At 3-bit, GPTQ's advantage over RTN is most dramatic. RTN typically collapses at 3-bit for models under 30B parameters, while GPTQ maintains usable quality. On OPT-66B, act-order drops WikiText2 perplexity from 14.16 to 9.95 at 3-bit, a difference of more than 4 points. The practical use case for 3-bit is fitting very large models into constrained GPU memory: a 70B model at 3-bit (with group scales) occupies roughly 28-30 GB, fitting on a 32 GB GPU.
The paper also explores 2-bit and ternary (-1, 0, +1) quantization, primarily to demonstrate the algorithm's behavior under extreme compression rather than as a production-ready configuration. At 2-bit, OPT-175B achieves a perplexity of around 10-12 depending on the group size, which remains coherent. Ternary quantization of OPT-175B gives a perplexity of approximately 9.2, notable mainly because ternary weights can be implemented with extremely efficient custom hardware using addition and subtraction rather than multiplication.
In practice, 2-bit models show noticeable quality degradation for most tasks and are rarely used for general-purpose inference. They remain relevant for research into hardware-optimized inference and as a reference point for the accuracy ceiling of post-training methods at extreme compression ratios.

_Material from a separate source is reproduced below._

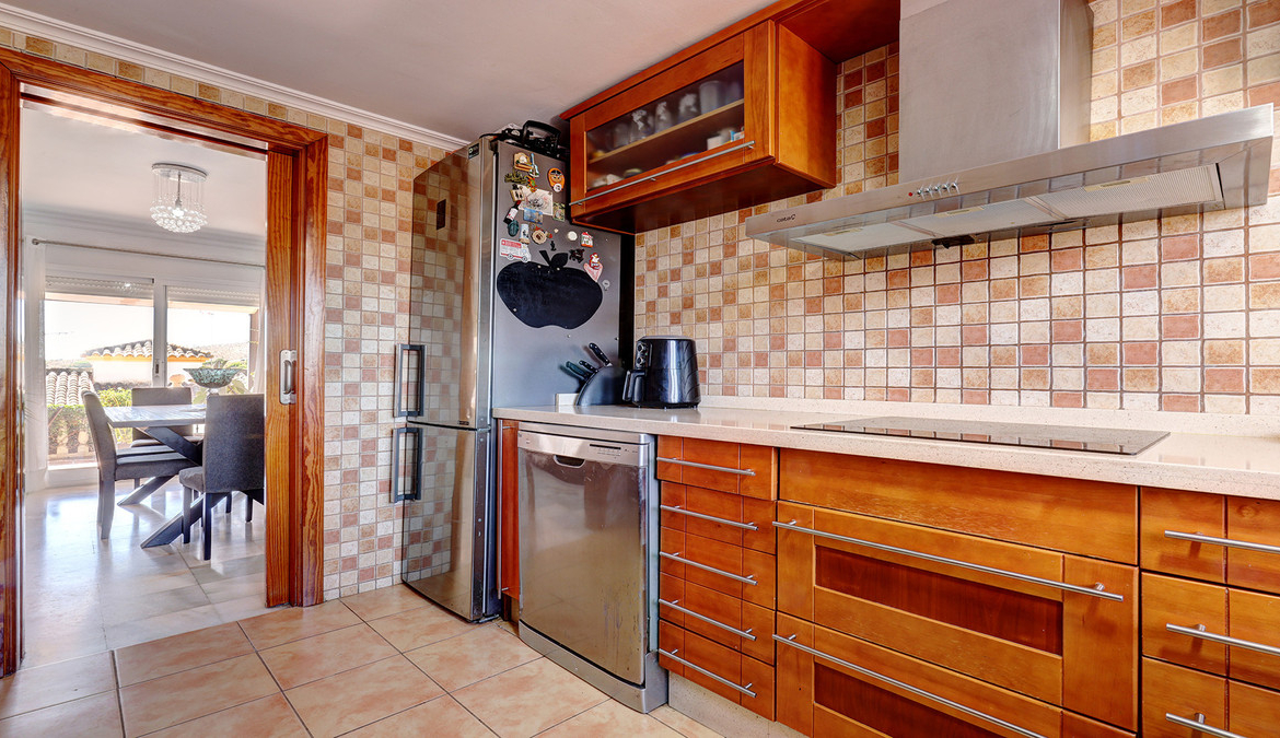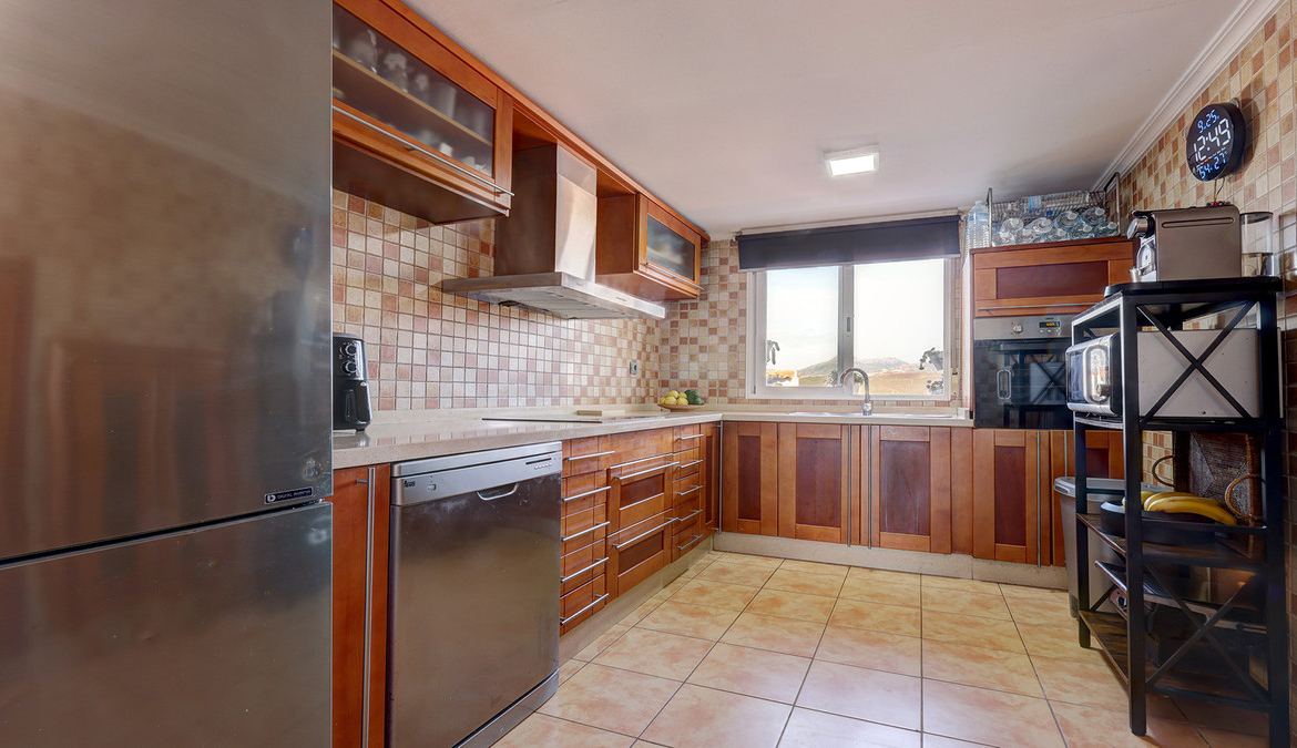 As you enter the house there is a large spacious living/dining room with a split level. The living area has a wood-burning fire making it very cosy on winter evenings. There is air-conditioning in the lounge. There are two sets of double balcony doors leading out from here to the terrace. The terrace is a lovely area with an awning so that you have shaded and unshaded areas. A stunning spot to dine al fresco whilst soaking up the mountain air, and taking in the beautiful sea views. There is also a view of the communal pool. Tucked away in the corner is access to a utility room.

The table below summarizes the main trade-offs between GPTQ and the other widely deployed quantization methods for LLMs.
| Method | Calibration required | Quantization time | GPU memory at inference | Supports fine-tuning | Best use case |
|---|---|---|---|---|---|
| GPTQ | Yes (small dataset) | Hours (175B model) | ~4x reduction at 4-bit | Via adapters (PEFT) | GPU inference, large model compression |
| AWQ | Yes (small dataset) | Minutes | ~4x reduction at 4-bit | Via adapters | GPU inference, better generalization |
| bitsandbytes (NF4) | No | None (on-the-fly) | ~4x reduction | Yes (QLoRA) | Fine-tuning, quick deployment |
| RTN | No | Seconds | ~4x reduction at 4-bit | N/A | Fast prototyping, large models |
| GGUF (llama.cpp) | No | Minutes | Varies (Q4 to Q8) | No | CPU inference, Apple Silicon |
Round-to-nearest is fast and requires no calibration data, but at 3-bit or below the accuracy gap over GPTQ is large enough that RTN is effectively unusable. At 4-bit, GPTQ typically outperforms RTN by 1-3 perplexity points for sub-30B models, which often translates to measurable downstream benchmark differences.

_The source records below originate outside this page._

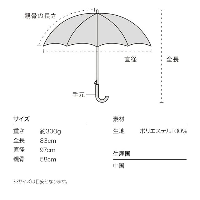 【晴れの日も使える雨傘(晴雨兼用)】 この製品は雨傘としてお使い頂くことを主としていますが、紫外線防止効果があります。 但し、色の濃淡によって紫外線遮蔽率(UVカット率)が異なります。次の数値を目安としてご参照ください。 淡色:約80%、濃色:約90%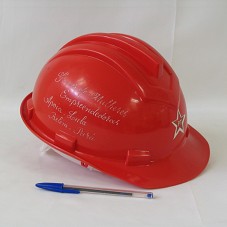 CAPACETE DE OBRA, NA COR VERMELHA. NA FRENTE, ADESIVO COM A ESTRELA DO 'PT'. E, EM UMA DAS LATERAIS, A INSCRIÇÃO 'GRUPOS DE MULHERES EMPREENDEDORAS APOIA LULA / BELÉM-PARÁ'.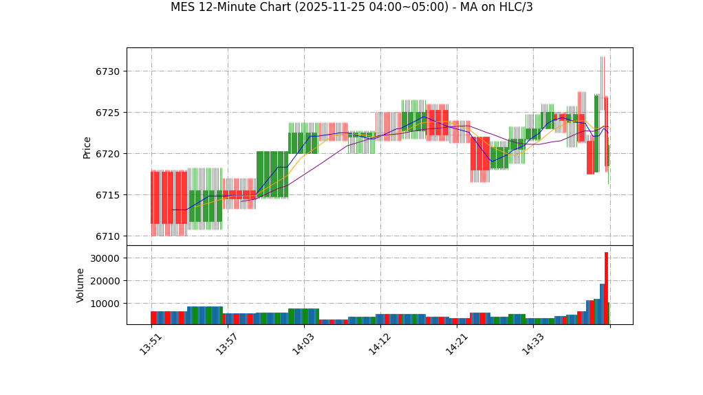 – 价格行为:最近10小时记录仅最后一条,极窄区间(高6719.50 / 低6716.25 / 收6719.00),呈整理性微涨收盘,无法确认清晰趋势或经典形态(如突破、头肩、旗形等)。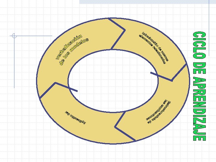 SECUENCIACIÓN DE UN APRENDIZAJE abstracto ESTRUCTURACIÓN DE LAS EXPLICACIONES (MODELOS CONSTRUÍDOS) Sistematización, estructuración y generalización de los nuevos modelos construidos. INTRODUCCIÓN DE NUEVOS ELEMENTOS, RELACIONES Y VARIABLES APLICACIÓN DEL ¿Hay otras formas de ver de pensar, de sentir, MODELO ELABORADO de actuar? . Ampliar el nivel de complejidad y ¿Cómo aplicar las nuevas formas de generalización inicial. de ver, de pensar, de sentir y de actuar? . VERBALIZACIÓN DE LOS Propuesta de acciones aplicables a la realidad cercana. MODELOS INICIALES ¿Qué sé, Qué pienso, ¿Qué siento? , ¿Qué hago? Arme una realidad concreta o un problema, reflexionar y explicar los propios puntos de partida. concreto simple complejo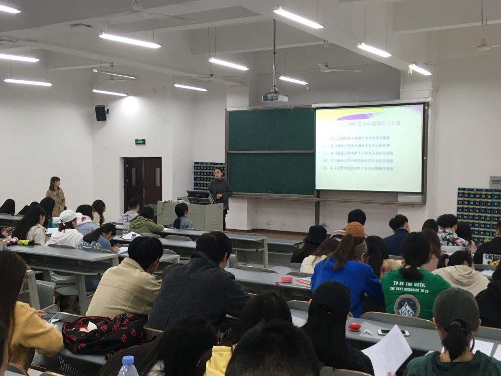 为贯彻落实国家和地方各项安全生产规范和标准、进一步规范我院学生校外实习、有效开展学生顶岗实习工作、强化学生安全责任意识和自我防护意识、预防以及控制实习期间安全事故的发生、切实维护学生的人身和财产安全及各项合法权益,建设管理与房地产系按照教研室于11月分别开展了2018级顶岗实习动员会暨安全教育宣讲会。
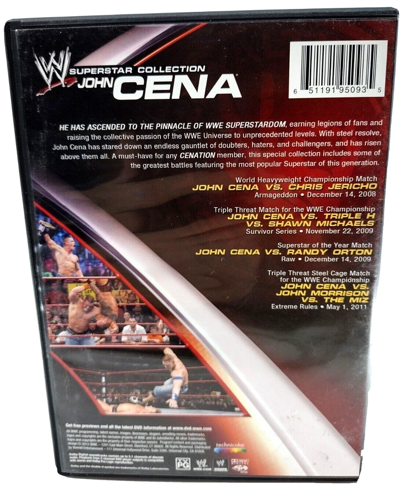 Actor: John Cena, Randy Orton, Shawn Michaels, Triple H, Chris Jericho Rating: PG gtin13: 651191950935 Type: Movie Genre: Sports, Wrestling Seller Notes: “DVD has some light scratches/scuffs. Case has minor wear.” Movie/TV Title: WWE Superstar Collection John Cena UPC: 651191950935 Format: DVD Sub-Genre: Pro Wrestling/WWE Release Year: 2012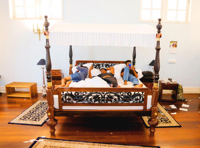Protesters, many wrapped in Sri Lanka’s national flag, swarmed into his whitewashed colonial-era residence on Saturday, jumped into the swimming pool and sat on a four-poster bed.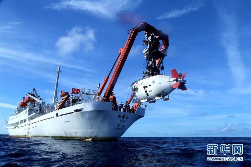 “蛟龍”號載人潛水器進入水中,進行中國大洋38航次最后一潛(2017年6月13日攝)。新華社記者 劉詩平 攝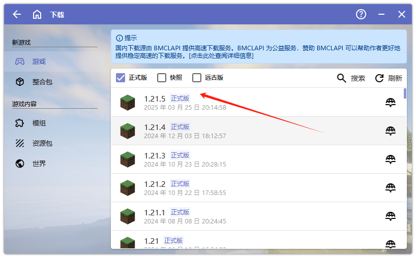 目前本站运行的我的世界服务器版本是"1.21.5",这里可以选择1.21.5的我的世界客户端版本来进行安装。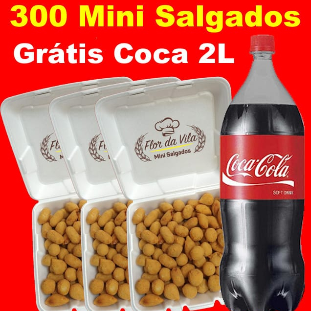 300 Mini Salgados Mistos - 5 Sabores: Coxinha, pres./queijo, enroladinho de salsicha, requeijão e rissole de carne. GRÁTIS COCA COLA 2L. Embalagem isopor. Não podemos alterar os sabores deste item promocional.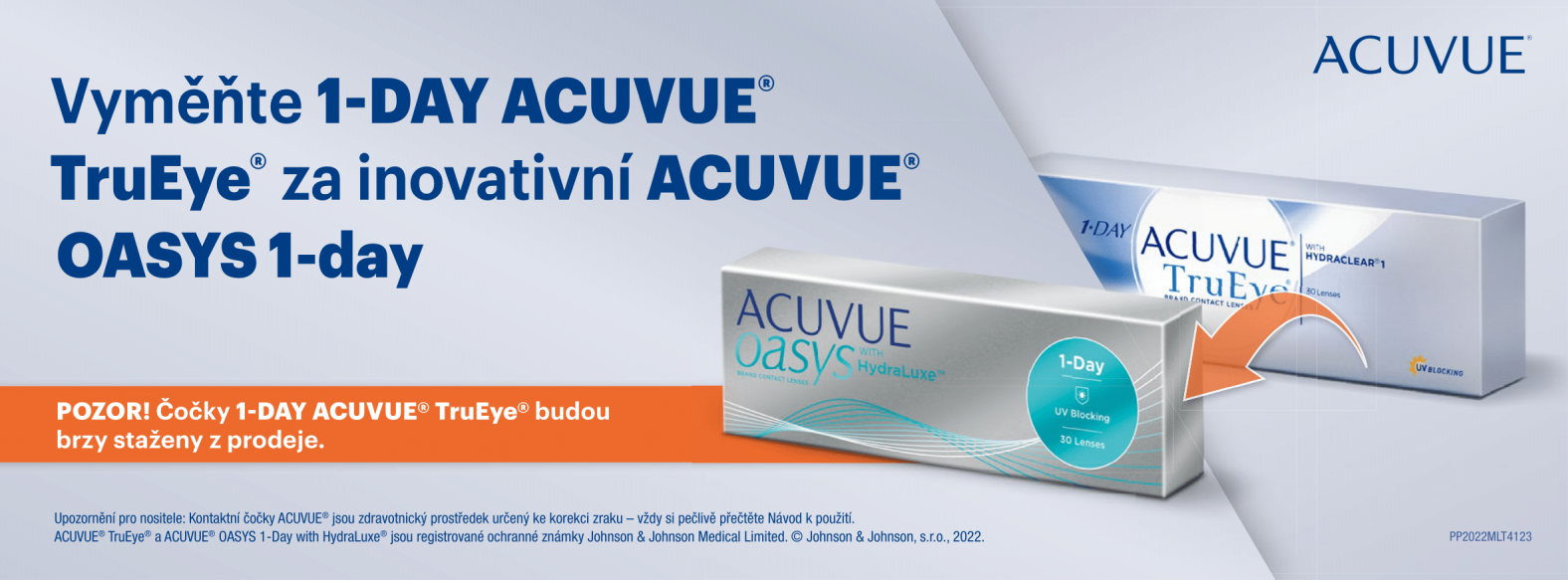 Všichni nositelé jednodenních kontaktních čoček 1-DAY ACUVUE® TruEye® by měli být na pozoru: Během roku 2022 bude postupně plně ukončena výroba čoček 1-DAY ACUVUE® TruEye® a na konci roku se budou doprodávat již jen poslední skladové zásoby.

AWQ (Activation-aware Weight Quantization, Lin et al., 2023) takes a different approach to protecting accuracy: it identifies a small fraction of salient weight channels by examining activation magnitudes, then scales those channels up before quantization to reduce their relative error. AWQ is generally faster to apply than GPTQ (minutes rather than hours for large models) and has been shown to generalize better to out-of-distribution inputs. GPTQ uses second-order information to compensate errors across the entire weight matrix, which can give it a slight edge on in-distribution benchmarks but may overfit to the calibration distribution.

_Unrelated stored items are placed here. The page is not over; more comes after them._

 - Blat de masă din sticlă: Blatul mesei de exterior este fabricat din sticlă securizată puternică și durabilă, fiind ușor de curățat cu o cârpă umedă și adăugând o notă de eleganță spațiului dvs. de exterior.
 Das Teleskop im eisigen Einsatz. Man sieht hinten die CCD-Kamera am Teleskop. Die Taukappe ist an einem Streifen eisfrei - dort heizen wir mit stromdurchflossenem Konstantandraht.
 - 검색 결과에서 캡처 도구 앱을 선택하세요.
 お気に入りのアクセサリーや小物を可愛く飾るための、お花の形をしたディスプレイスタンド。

In practice, the accuracy difference between GPTQ and AWQ at 4-bit is small for most tasks. AWQ tends to be preferred when quantization speed matters or when the deployment requires robustness to diverse input domains. GPTQ has a larger catalog of pre-quantized models on the Hugging Face Hub, built primarily through the community contributions of Thomas "TheBloke" Johansson, who quantized hundreds of popular models during 2023.
bitsandbytes (developed by Tim Dettmers) quantizes weights on the fly during model loading using NF4 (NormalFloat4), a data type designed specifically for normally distributed neural network weights. Because bitsandbytes does not require an offline calibration pass, it is the simplest way to load a large model in reduced precision. Its primary advantage is compatibility with QLoRA fine-tuning: the 4-bit base model stays frozen while low-rank adapters are trained on top, enabling fine-tuning of very large models on a single GPU.
The main tradeoff is inference speed. bitsandbytes is slower than GPTQ with optimized kernels (ExLlama or Marlin) for pure generation workloads, because the on-the-fly dequantization is not as efficiently fused as the offline-prepared GPTQ kernels.
The memory savings from GPTQ are straightforward to calculate: a 70B model at FP16 uses about 140 GB. At 4-bit with group size 128, the weights take up roughly 35-37 GB, fitting on a single 40 GB A100 or two consumer 24 GB GPUs.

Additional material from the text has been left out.